Help with carb Issues. | GTAMotorcycle.com

Help with carb Issues.

peterm15

Well-known member
99 Yamaha Vstar 650

So my bike sat for a few years, carbs were drained before hand.

Beginning of the season, no issues with starting or running, a little popping because of a gutted exhaust. So I went ahead, changed the air box out for a pod system, cleaned and jetted the carbs to the recommended jet for the gut/pod. (I can't recall the size off hand)

Replaced the intake boots and o rings as they were cracked. Synced the carbs, adjusted the mixture, replaced fuel filter, plugs, all oils etc . Getting it ready to do.

Now after 300km the bike has massive hesitation at lower RPM, starting to move etc. I've played with the mixture screws with no luck or improvements. I have noticed that the idle fluctuations depending on the lean of the bike. On the stand is a little low, increases as you go from left lean to right side lean.
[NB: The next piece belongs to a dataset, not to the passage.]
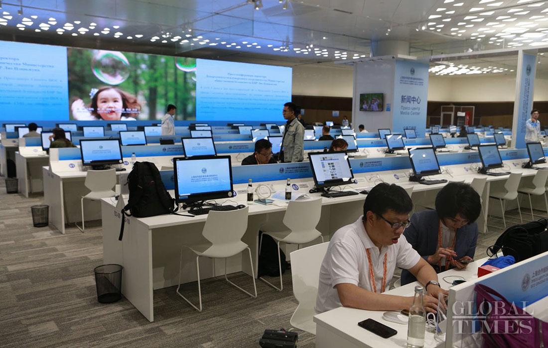 Journalists prepare in the media center of the Shanghai Cooperation Organization Qingdao Summit in Qingdao, East China's Shandong Province, on June 7, 2018. Photo: Li Hao/GT figcaption >

Any suggestions on what it could be? Floats? If that's my next test any informative write ups on how to test the floats without the Yamaha fuel gauge?

Thanks for any help.
 
Yes it sounds like you have a fuel level problem in the float bowls, and I would be amazed if you can ever get CV carbs to work well with directly connected pod filters ;/ they just don't usually work well together, the intake path is too short and it creates turbulence that messes up the vacuum operation of the carburetors. Root cause of the problem is that CV carbs are designed to operate as lean and fuel economical as possible and you have freed up both intake and exhaust enough that now the carbs can't keep pace with the fuel metering requirements.
 
Yes it sounds like you have a fuel level problem in the float bowls, and I would be amazed if you can ever get CV carbs to work well with directly connected pod filters ;/ they just don't usually work well together, the intake path is too short and it creates turbulence that messes up the vacuum operation of the carburetors. Root cause of the problem is that CV carbs are designed to operate as lean and fuel economical as possible and you have freed up both intake and exhaust enough that now the carbs can't keep pace with the fuel metering requirements.

The thing is that these pods are tried and tested by many members on another forum.

The kit itself is tailored to your exhaust type/modification so I didn't really see that being an issue. I'm not expert however.

I'll give a go to the floats before removing the jet, and pods otherwise I'll have no choice but to stock out the bike until I can figure out the issue.

Any suggestions on dealing with the floats? That how to is long gone from my memory. And I don't have the tool to measure the fuel level. I do however have access to high precision measuring devices (I'm a machinist, obviously not for bikes)

Thanks.
 
If the carbs have the ability to stick a piece of clear plastic tube onto the bottom drain on the float bowl it is super easy, you just improvise a sight gauge and you can see the fuel level from the outside.

... that bike has those down-draft jobs, I'm not familiar with them enough to know if that trick will work or no.
 
If the carbs have the ability to stick a piece of clear plastic tube onto the bottom drain on the float bowl it is super easy, you just improvise a sight gauge and you can see the fuel level from the outside.

... that bike has those down-draft jobs, I'm not familiar with them enough to know if that trick will work or no.
Down draft job?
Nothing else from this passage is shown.